Довольно скоро мы привыкли встречаться после занятий и катить на велосипедах по дорожке колледжа, а потом по улице, беседуя о событиях накануне Варфоломеевской ночи или о «плотных пластах фольклора», в которые тогда зарылся Пеннер. В кафе «Поцелуй коровы» (названном так потому, что у хозяина имелась корова) мы садились за облюбованный нами с первого раза столик посреди зала, и Лютер, помешивая кофе так усердно, что он выплескивался из чашки, постепенно раскрывал передо мною свой мир.
— Вначале Бог изрек: «Люцифер!» Разве не значит это имя «несущий свет»? — Пеннер указал мокрой ложечкой на сияющие светильники под потолком, на их отблеск на шкафчиках, стойке, на полу, на толстых кружках и белых лицах. — Потому Люцифер, как он сам считал, был… стал… первым по времени, первым по рангу, стал… ну, скажем, старшим над всем сотворенным позднее. Он был ангелом ясности любой ценой, чистоты и откровенности, всего обнаженного и сияющего — и голой груди, и рыбьей чешуи, — и быстрого реагирования тоже, он переносился с места на место в мгновение ока. Он был первым светилом, которое создал Бог, — Лютер усмехнулся и дал мне время оценить его остроту, — и по утрам звездой являлся на небе.
Можно сказать, что случай, приведший Люцифера к падению, — типичнейшее проявление спеси, но у него было отчего прийти в смятение. Все казалось ему ясным, ведь он сам был ясностью, он был светом. Он не был равновелик божеству, но все же являлся первым по облику и сути после него. Он оказывался в любой точке пространства с потрясающей скоростью. И во всех этих любых точках он порождал видение, понимание, жизнь. Я бы простил ему непомерную гордыню. Но Бог низверг его с небес за самонадеянность. При падении Люцифера его свет превратился в огонь, как бывает с метеорами, влетающими в атмосферу…
Светлая ложечка бесконтрольно билась о стенки чашки.

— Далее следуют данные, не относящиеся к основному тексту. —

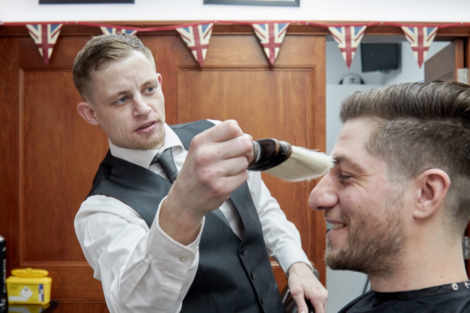 He mentions that he has experienced other barbers near Regents Place before but nothing compares to us, the best barber in Fitzrovia – that’s why he has pledged his allegiance to Pall Mall Barbers Tottenham Court Road. He came to our Fitzrovia barber shop needing touches of magic to turn his messy bed-head look into something smart and stylish. Our Fitzrovia barbers were on hand to make it happen for him! After relaxing into our legendary leather chair and letting out a sigh of relief, Alex discussed his desired look with the Fitzrovia barber.
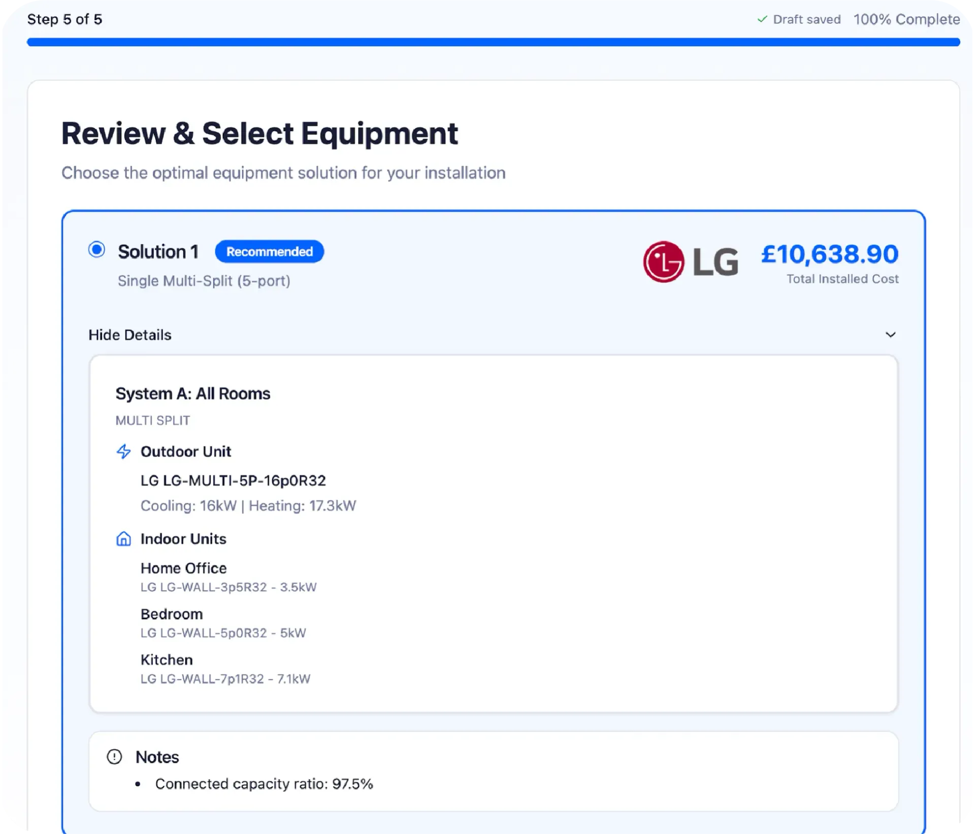 Yes. You can configure the brands you use and upload catalogues so the system can select appropriate equipment based on required output and your pricing.
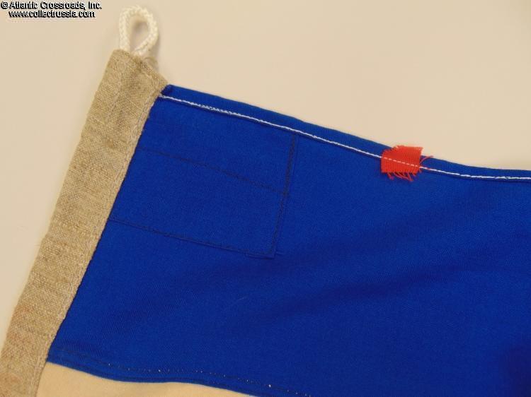 The flag is in outstanding, excellent condition, apparently never used and shows only storage age. It is perfectly sound, almost immaculately clean, free of tears and completely free of the moth damage prevalent among Soviet naval flags made of wool. The colors are strong. Upon very close inspection, one can find a couple of tiny spots and a few minuscule snags in the fabric, but they are practically invisible at a normal viewing distance.

— Так он горел в самом сердце земли, и она плавилась, как свинец в форме, и порой он сотрясает твердь, а иногда и прорывает насквозь, ведь он все еще, спустя миллиарды лет, безумно кипит там. Бог обесчестил собственное первое творение, затмил сияние сына своего и заставил прятаться в земле, словно саранча. Когда Люцифер проник в подземные пустоты, превратив их в Ад, мироздание вернулось к изначальной тьме, к Хаосу, и усилия разума стали бесполезны. Богу пришлось многое переделывать заново. На этот раз он сотворил много мелких светил, вроде Гавриила, которому приходится полировать свои латы, чтобы добиться должного сияния, а без доспеха он становится тусклым, как стертая монета. Но если команда «Да будет Свет!» была ошибочной, то решение «Да будут светила бессчетны числом, аки мошкара!» привело к катастрофе.
За исключением редких улыбок, отмечающих наиболее удачные фразы, Пеннер говорил просто, серьезно, даже торжественно, особенно когда извлекал выводы из текстов Писания, как извлекают фокусники из рукава связанные носовые платки.
— Душа — это внутренний источник света, позволяющий нам видеть, понимать, рассуждать, как я сейчас, придающий блеск той или иной мысли. Когда-то душу называли «светочем Господним». Можете не верить мне, но я видел этот свет. Частицу Люцифера внутри нас. И вас, полагаю, тоже, в тот первый вечер. Понимаете, разум — единственный реальный враг Бога. Разум — это и есть великий Сатана.